Subsequently, there was “Shanghai Girls” and “Dreams Of Joy” is the sequel to that. “Shanghai Girls” is set in 1930s China during the Japanese Occupation and is about the lives of two well-to-do Shanghai girls who went into arranged marriages (to 2 brothers) and sailed off to Los Angeles to start a new life with their new families.

“Dreams Of Joy” is set mainly in 1950s China, which was on the cusp of the Cultural Revolution. It’s about Joy, the daughter of one of the two Shanghai girls who upon learning of her true parentage, sets out from Los Angeles to search for her biological father, a famous artist in Shanghai.

After finding her biological father, she follows him to a rural village where she falls in love with a peasant, one of her father’s art students. That’s where the story becomes incredulous.

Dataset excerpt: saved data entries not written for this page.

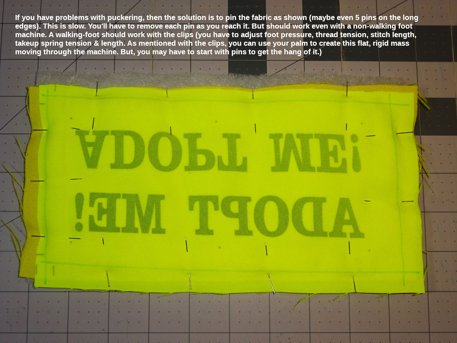 That goes slower. You can sew over the pin, but they'll bend & become hard to reuse (I used the thinnest pins I could find, for lace or appliqué? Thicker needles might not bend, but might leave holes in the face of the sleeve?). Your machine's needle may break if it hits a pin. It goes slower removing them compared to removing the clips. But, this should work no matter what kind of machine you have, or how dialed-in it is.
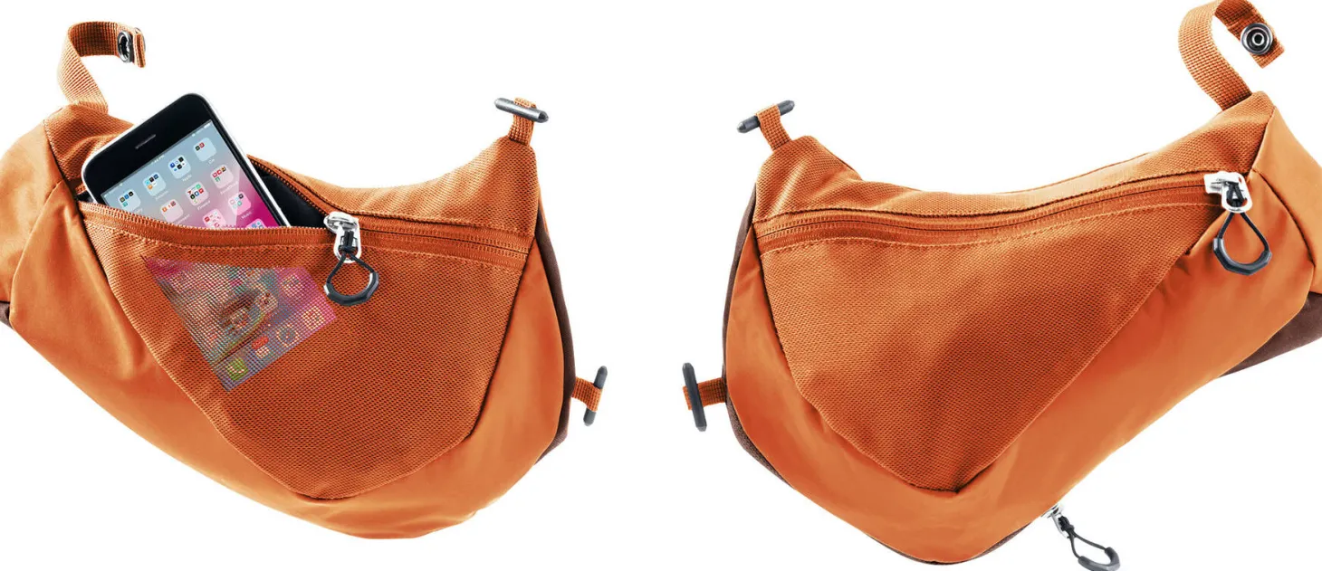- Zwei abnehmbare Reißverschluss-Hüftflossentaschen (3L)
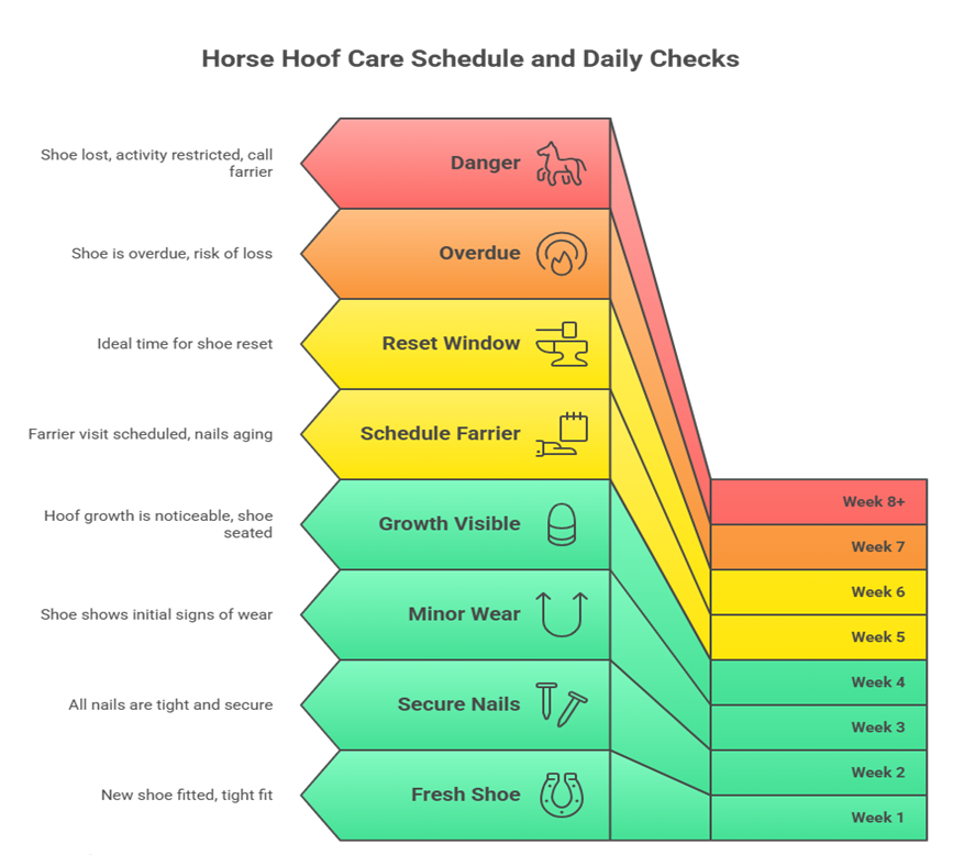 - Hold your farrier schedule at 5 to 8 weeks, and track it. Don’t rely on memory. Set a recurring calendar reminder for your horse’s reset cycle. Stretching even two weeks beyond the recommended interval allows enough overgrowth to shift the hoof angle and stress the shoe to hoof bond. More shoes are lost in weeks seven and eight than at any other point in the cycle.
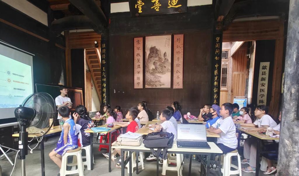 7月3日,梧桐行知学堂暑期公益课程开班式于歙县斗山社区成功举办。本次开班式有八位小学生、四十余位学生及家长参加。
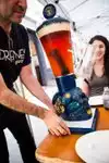 We had a group of 9 for dinner and we squeezed into a picnic table outside on Stone Street. Love the atmosphere of this little, cobble-stone street that has been closed off to traffic and turned into one big outdoor restaurant area. Very fun spot to eat. Our waiter came over, told us we needed 3 pizzas and one had to be pepperoni -- he'd let us pick the other two. :D We laughed and were glad that someone had cut through the usual choas of ordering for a group. And he was EXACTLY right on the amount we needed and that the pepperoni was a MUST. It was fantastic, as were the other pizzas. We ordered the giant beer pitcher thing which came as basically a chilled dispenser with a tap (and sugar skull) at the bottom. Unique and fun. All in all, we loved this place and would go back in a heartbeat for the energetic, outdoor vibe and amazing pizza.
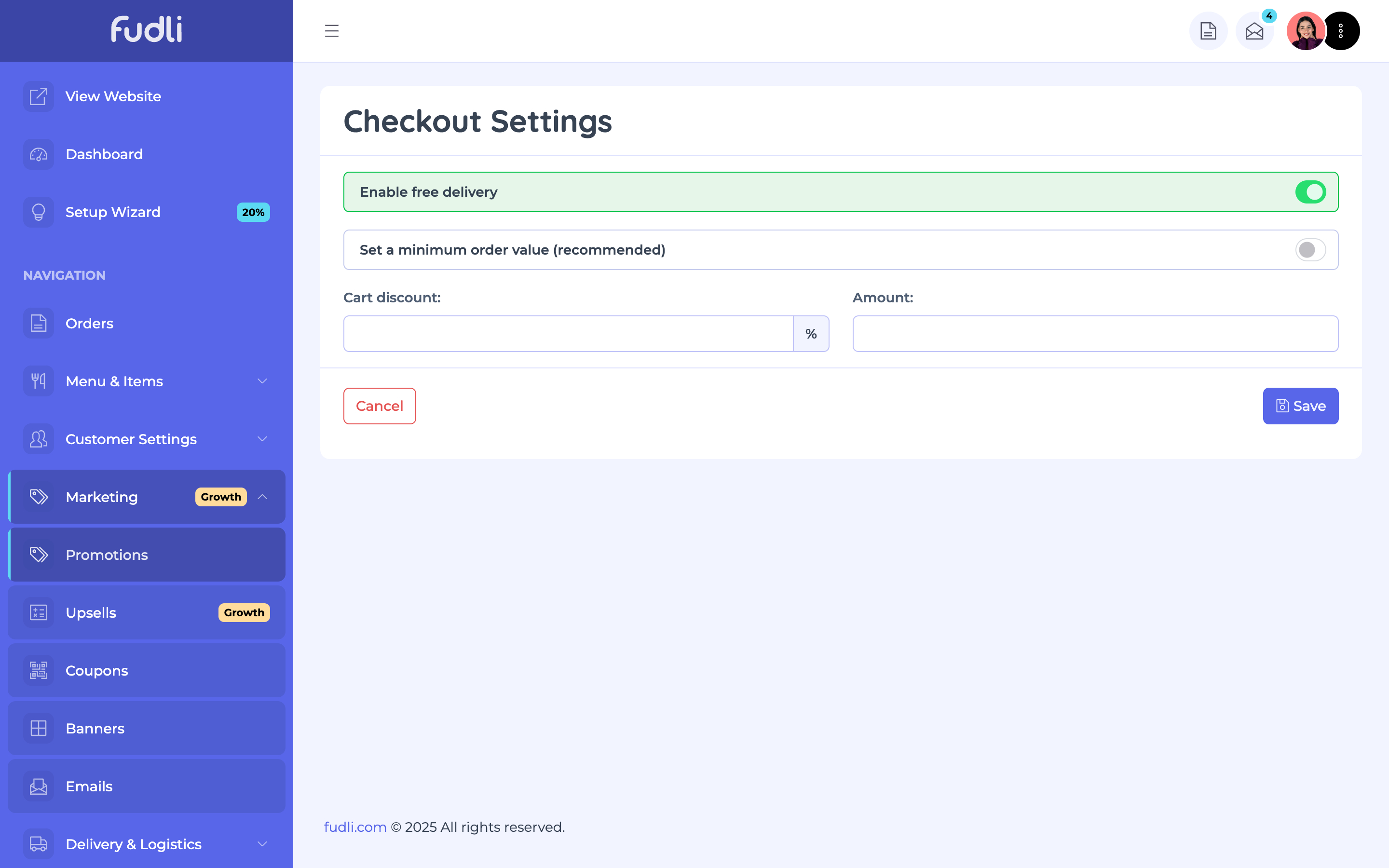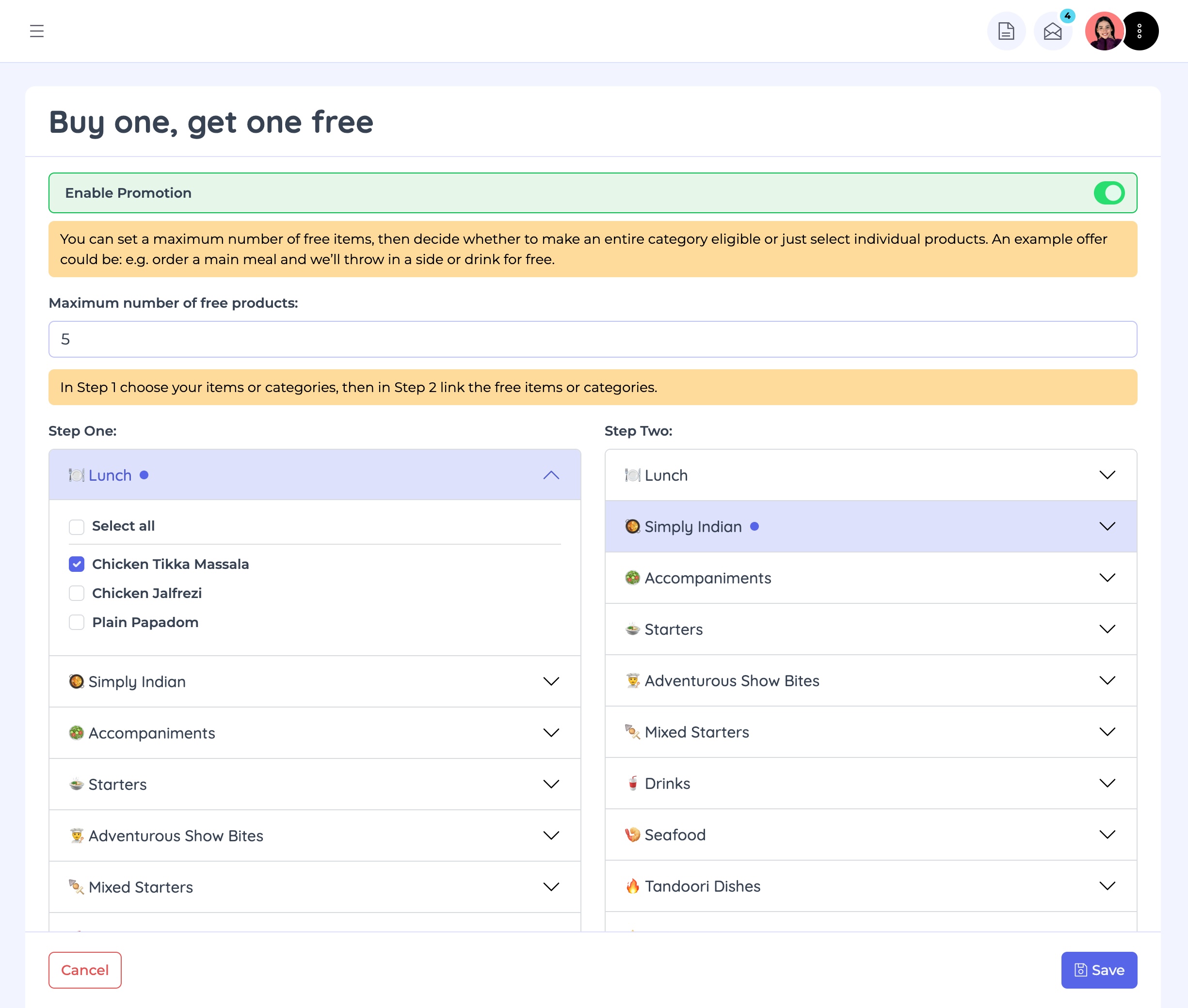 Promotions allow you to create special offers that encourage customers to place more orders and spend more on your Online Ordering System.

A well educated Westernized girl finds village life which has no modern amenities fascinating and is willing to throw away her life in America to live in appalling conditions? I bet a lot of those peasants would have given their right arm to be able to live in America yet she preferred to cast aside her life of comfort to live in abject conditions.

Joy marries the peasant, never mind that she gave up her American passport when she entered China, she gave up her right to live a cushy life in Shanghai with her father too. This excerpt from the book best describes what the harsh life and deprivations in the village turned her into:-

“I catch a glimpse of myself in Yong’s mirror. My body is as thin as a ginseng root. My hands are as bony as dried twigs. My skin looks translucent. My hair hangs lifeless. My lips, which were soft and full, have shrunk to almost nothing. I’ll turn twenty-two on the twentieth of the month, but hunger has turned me into an old woman nearing death.”

Throughout the novel, I couldn’t feel an iota of pity for the main protagonist. It wasn’t as if she didn’t know what to expect as she’d lived among the villagers for a few months when her father was teaching art to the peasants. Yet she chose, of her own free will, to embrace the life of a peasant.

Bad enough that she put herself through hell, she also endangered the lives of others, of her own parents who went through unnecessary trouble to save her. Joy’s rashness, impetuousness and sheer stupidity were just plain irritating. It made this book my least favourite Lisa See novel.

As I read what Joy had to endure in the village (why would anyone give up city life to share a one-room hut with their husband’s parents and multitude siblings?), I found myself screaming silently and going “Are you kidding me?”. Her suffering may have been intense but her utter idiocy was far more intense.

The book is available at Borders for RM63.95 (just as well there was a 20% discount!).